Lionel Shriver, as far as I could tell from the essay, had a point, too. If we are afraid to examine any but our own narrow viewpoint, so afraid of using the wrong words we stay silent, we will never understand a damned thing, and our worlds will shrink with the novels in front of us, rather than expanding.  Female authors have written beautiful, powerful strong male characters and vice versa.  What would seventh graders read if Harper Lee hadn’t written To Kill a Mockingbird?  What are we teaching these future generations (*cue thinkofthechildren wail*) if they stop reading it because it might be triggering, or offensive to examine our society’s racism–past and present?  You know what was amazing to me, about Shriver’s We Need to Talk About Kevin?  Reading about her afterwards, and learning she isn’t a parent.  My mind was blown.  But maybe it shouldn’t have been.  Maybe it’s because she isn’t a parent that she was able to take such a hard look at parenthood without turning the mother into a saint or a caricature of a villain (though not necessarily likable).

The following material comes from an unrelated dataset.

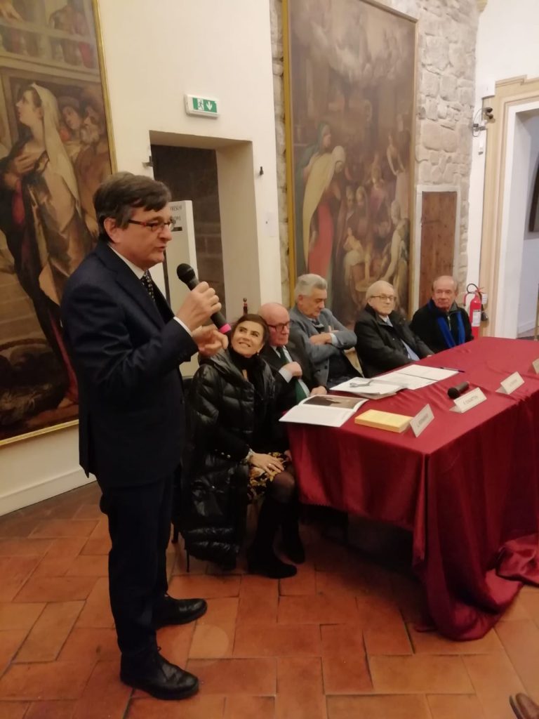 A fare gli onori di casa il sindaco Fabrizio Innocenti e l’assessore alla cultura Francesca Mercati, assieme al sindaco Claudio Marcelli di Pieve S.Stefano, terra originaria di Fanfani. Prima del taglio del nastro della bella e ricca esposizione, esaltata dalla collocazione scelta per l’occasione, un interessante convegno sulla figura e l’opera dello statista. Apprezzate le relazioni del nipote Giuseppe Fanfani, di Franco Ciavattini dell’associazione “Kairos”, di Liletta Fornasari che ha curato il catalogo, del professor Fiorenzo Silvestri che ha fornito gran parte delle opere presenti e facenti parte della sua collezione privata. A chiudere l’intervento di Pierluigi Castagnetti, deputato per cinque legislature alla Camera, europarlamentare, ultimo segretario del Partito Popolare Italiano, che ha tracciato un intenso ritratto della poliedrica personalità e attività di Amintore Fanfani.

Would it be the same thing, a white author writing a protagonist who is Black, or Latino, Asian or Indigenous?  No, but it also shouldn’t mean limiting characters to only those who experience life the same way the writer does.  If it did I’d have to give up even fantasizing about having anything published.  I can see it now, the NY Times Best Seller– Mrs Fringe Buys a Slow Cooker.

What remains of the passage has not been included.